Trade discussions between the United States and the European Union seem to be stuck in neutral. A key sticking point is the hefty fines the EU continues to impose on American tech companies, according to sources.
At the Milken Institute’s global conference in Los Angeles, officials from the Trump administration shared with the Post that negotiations with Brussels are at a standstill. The EU isn’t budging on the U.S. demand to eliminate taxes linked to the Gargan River.
This situation means that negotiators remain in Washington, D.C., grappling with preliminary details that are yet to be presented for serious discussion.
Just last month, Apple and Meta faced fines totaling $800 million for breaches of new EU competition laws aimed at curbing the influence of major tech players. While these penalties might seem less severe compared to past fines, they are still seen as a move to alleviate trade tensions with the Trump administration. However, sources reveal that Trump officials desire a more significant transformation.
Treasury Secretary Scott Bessent expressed concerns about the 27 countries adopting a protectionist outlook, speaking at a gathering during the Milken Conference.
He remarked, “What we’ve observed is that Europe employs fines in a manner akin to a scientist,” during an event organized by the consultancy Tactic Global.
Supporting Bessent, Danish MEP Anders Visitor criticized the fines as a “blatant EU cash grab.”
An EU diplomat conveyed frustration over the deadlock, emphasizing that the stringent taxes on tech giants during President Trump’s term will stay. “It seems this hasn’t really resonated in the United States, despite our repeated assertions,” said the diplomat.
“We’re not moving on digital or food and health standards. Negotiations are off the table.” Yet, another source close to Secretary Bessent cautioned the EU against miscalculating their leverage, implying that Trump’s administration could walk away from discussions entirely.
“This administration really has no interest in accommodating Europe,” the source noted.

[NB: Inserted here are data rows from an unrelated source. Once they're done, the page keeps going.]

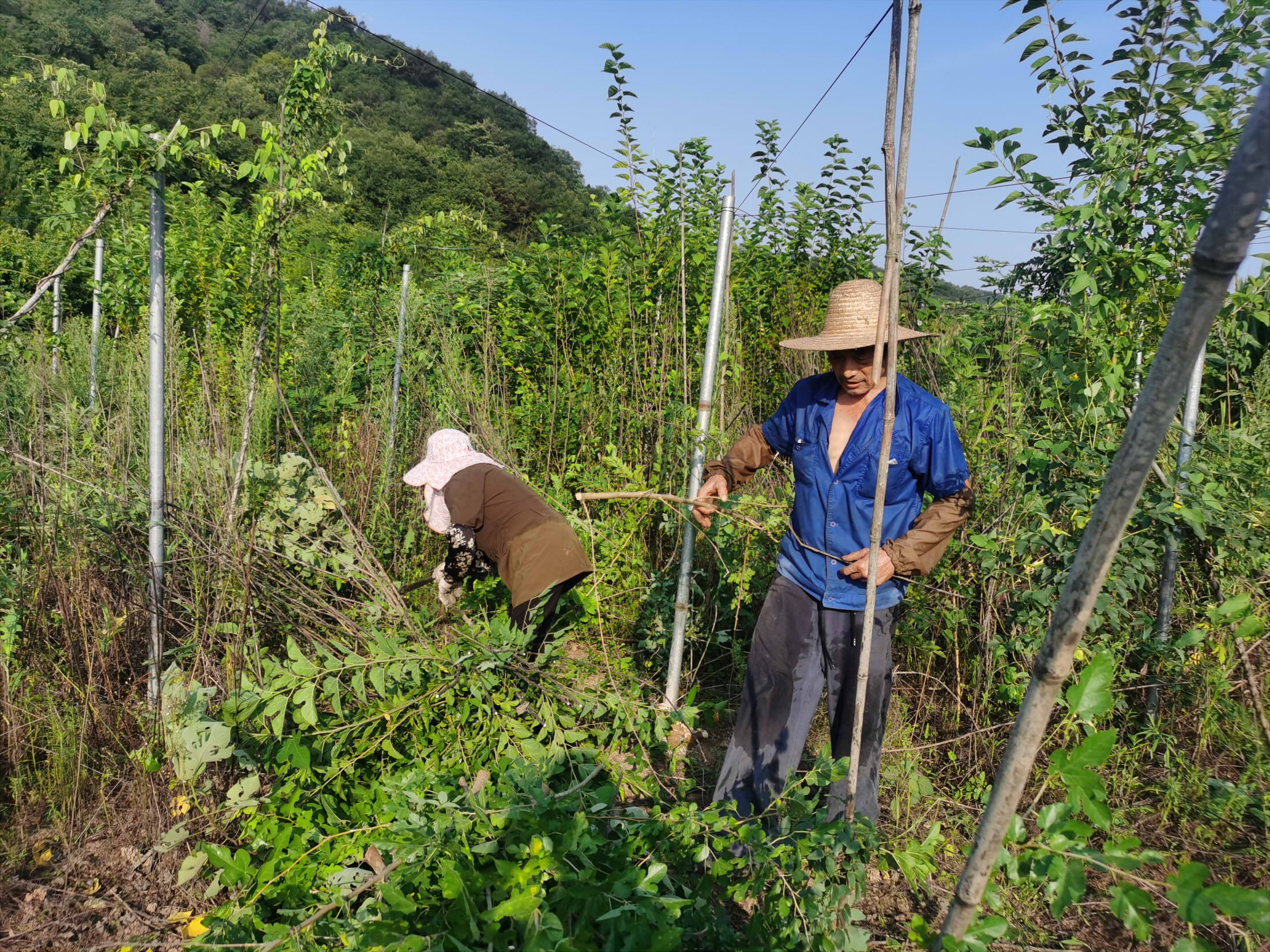 8月5日,永兴街道杨河村组织农户为“八月炸”种植园整枝除杂、绑苗正杆。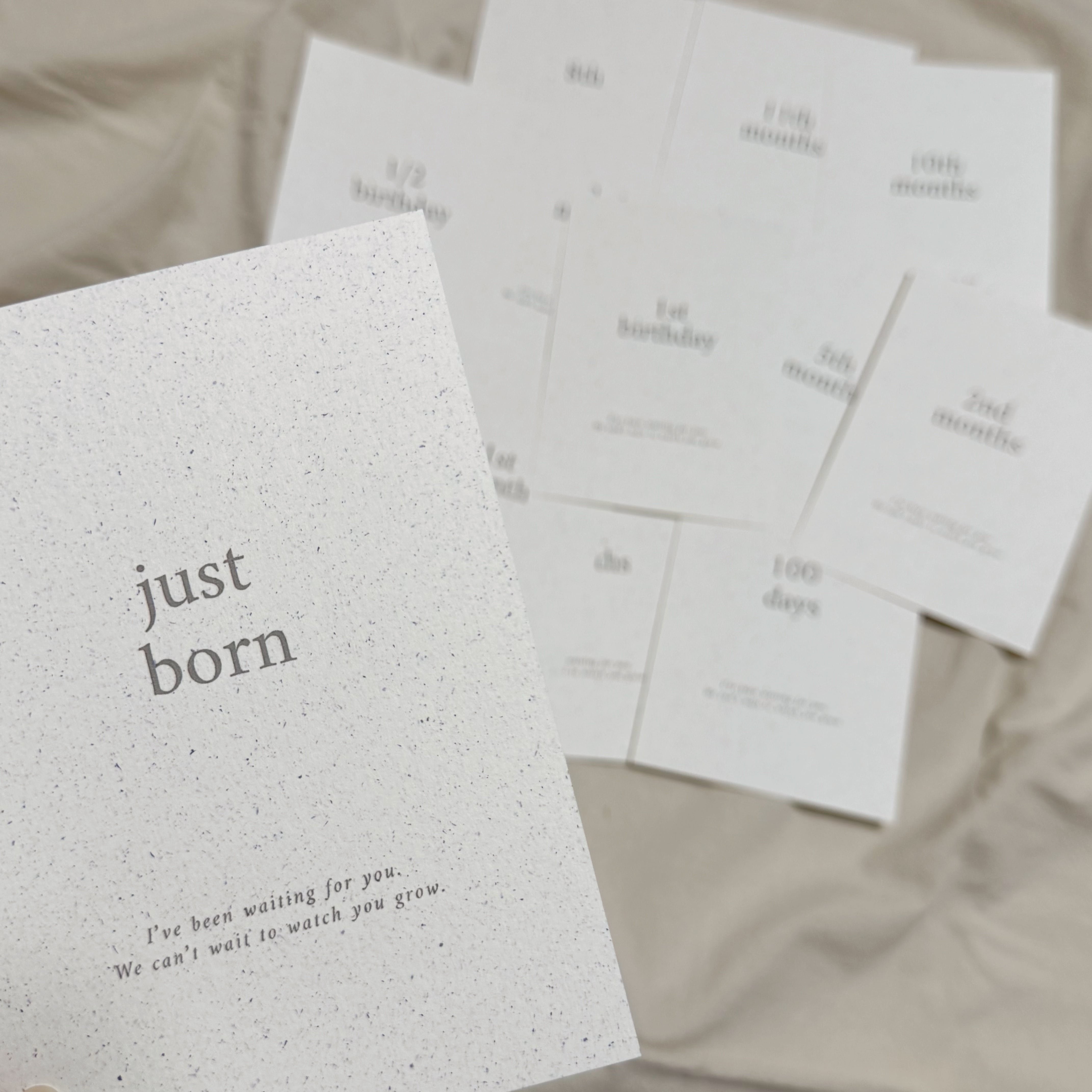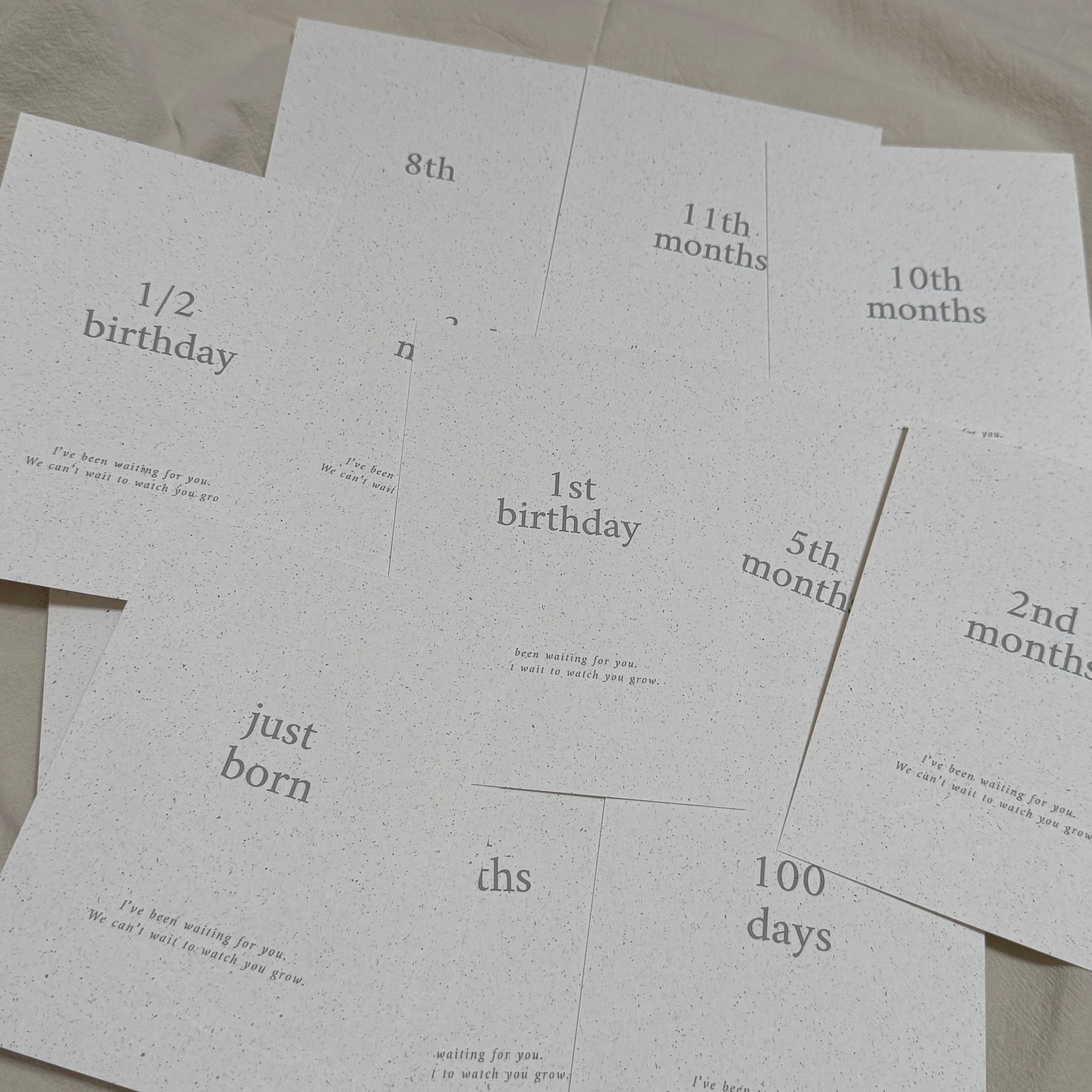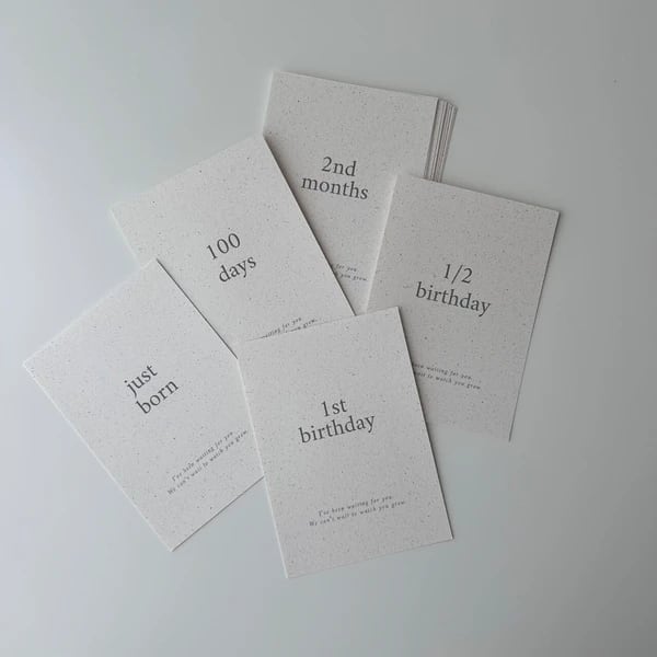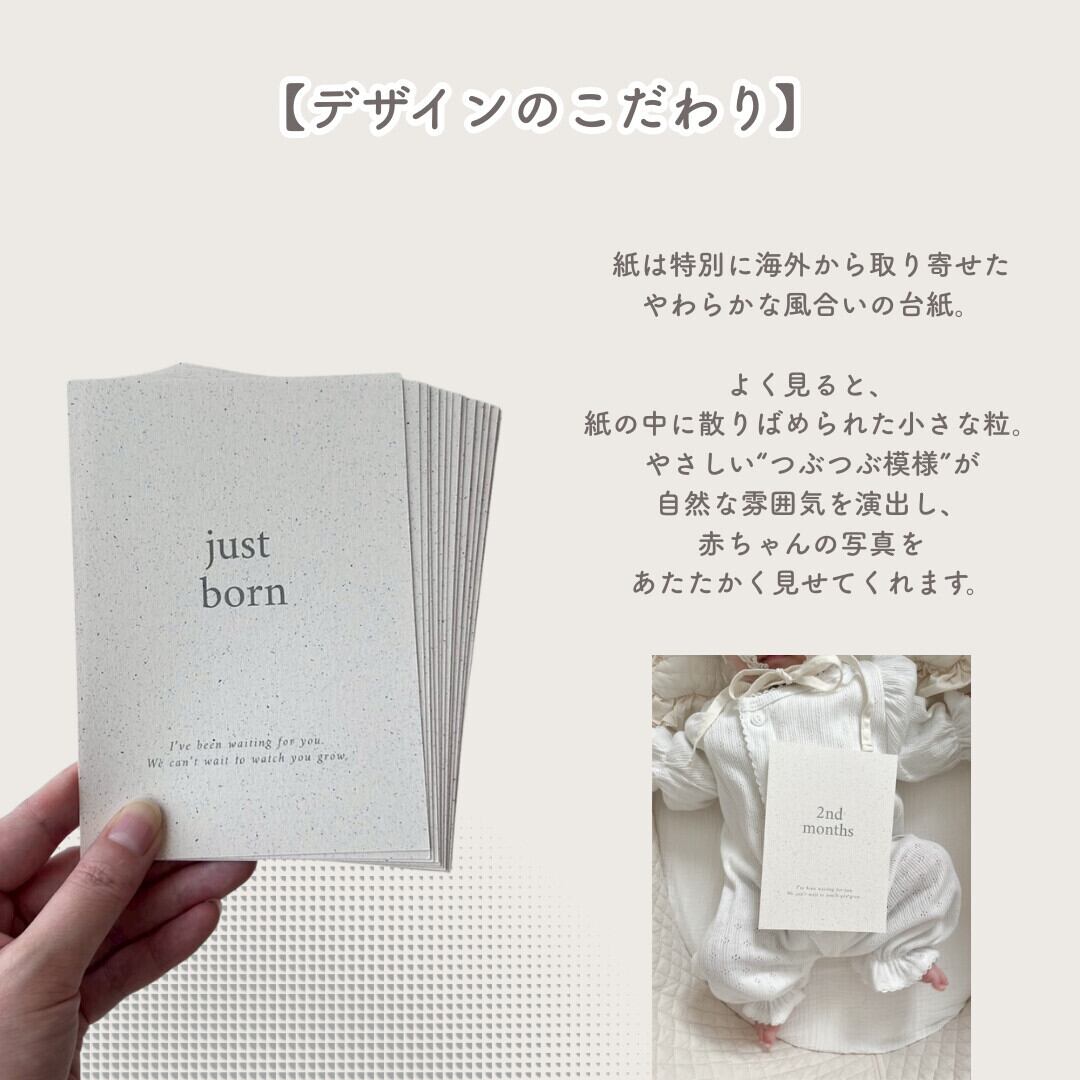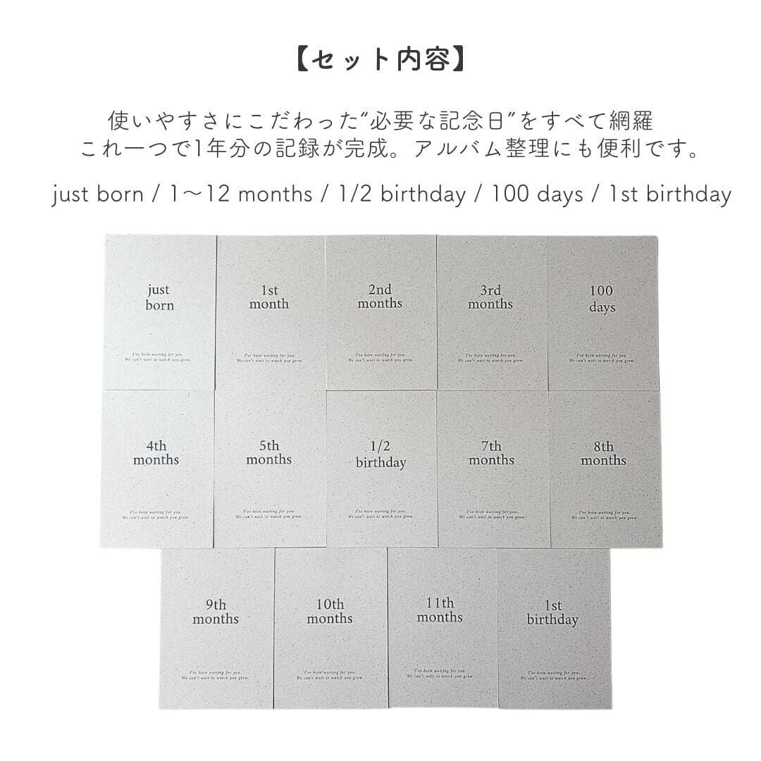 赤ちゃんの「Just Born」から「1歳のお誕生日」までを記録できる、kawaiiZOUの人気のマンスリーカードセットです。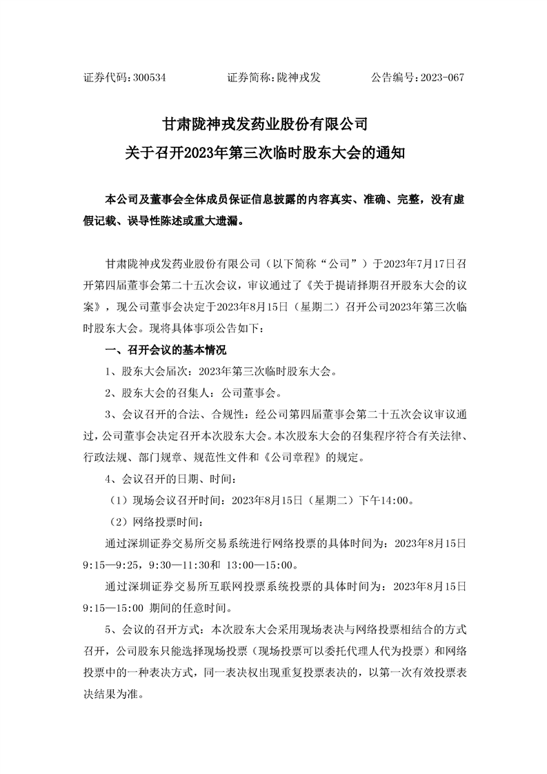 关于召开2023年第三次临时股东大会的通知
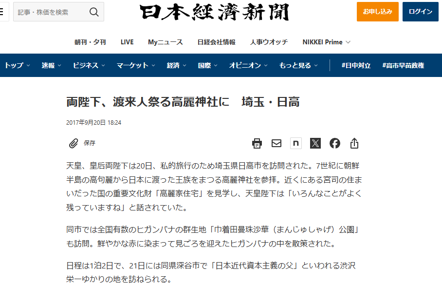 これ以外にも埼玉県は朝鮮半島に極めて縁の深い地域である。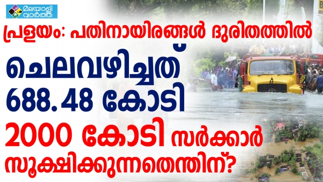 പ്രളയ ദുരിതാശ്വാസ പ്രവര്ത്തനങ്ങള്ക്കായി മുഖ്യമന്ത്രിയുടെ ദുരിതാശ്വാസ നിധിയില് 27.11.2018 (ഇതുവരെ സാലറി ചലഞ്ച് മുഖേന സമാഹരിച്ച തുകയും ഇതില് പെടും) 2683.18 കോടി രൂപ ലഭിച്ചെന്നും അതില് 688.48 കോടി രൂപ ചെലവഴിച്ചെന്നും മുഖ്യമന്ത്രി നിയമസഭയെ അറിയിച്ചു. . പ്രളയദുരിതവും പേറി പതിനായിരങ്ങള് കഴിയുമ്പോള് ബാക്കി രണ്ടായിരം കോടിയോളം രൂപ സര്ക്കാര് ഖജനാവില് സൂക്ഷിച്ചിരിക്കുകയാണെന്ന് മുഖ്യമന്ത്രി തന്നെ സമ്മതിച്ചിരിക്കുന്നു.

Apple CEO Tim Cook has previously dismissed the hefty EU tax as “political nonsense,” maintaining a firm stance against the EU’s digital tax initiatives.
Neither the U.S. Treasury Department nor U.S. Trade Representative Jamieson Greer responded to requests for comments.
Analysis of EU data indicates that the European Commission has imposed over $2 billion in fines on major U.S. tech firms. The largest fine in EU history was a staggering $4.5 billion against Google in 2018 for alleged market manipulation against search engine competitors.
Recent statistics reveal that the U.S. imports $605.8 billion worth of goods from the EU, while exports amount to $370.2 billion, resulting in a trade deficit of $235.6 billion. This deficit has increased by 12.9% since 2023, indicating that a significant amount of money is leaving the country for EU imports.
The European Commission has also devised a framework for tariffs aimed at American companies, such as Boeing, if no agreement is reached with the U.S. Currently, the U.S. imposes a 10% baseline tariff on nearly all EU goods, down from the original 20% rates introduced by Trump.
Additionally, separate 25% tariffs are in place for EU steel, aluminum, automobiles, and components, although Brussels has yet to retaliate.
This week, the Commission outlined a potential strategy for implementing punitive tariffs on U.S. goods if negotiations fail to make headway. Tariffs affecting U.S. cars, food, and parts tied to Boeing may be enforced if no resolution occurs by the end of a 90-day trade ceasefire set to end in July.
While specific tariff amounts haven’t been revealed, they will encompass over $110 billion in trade.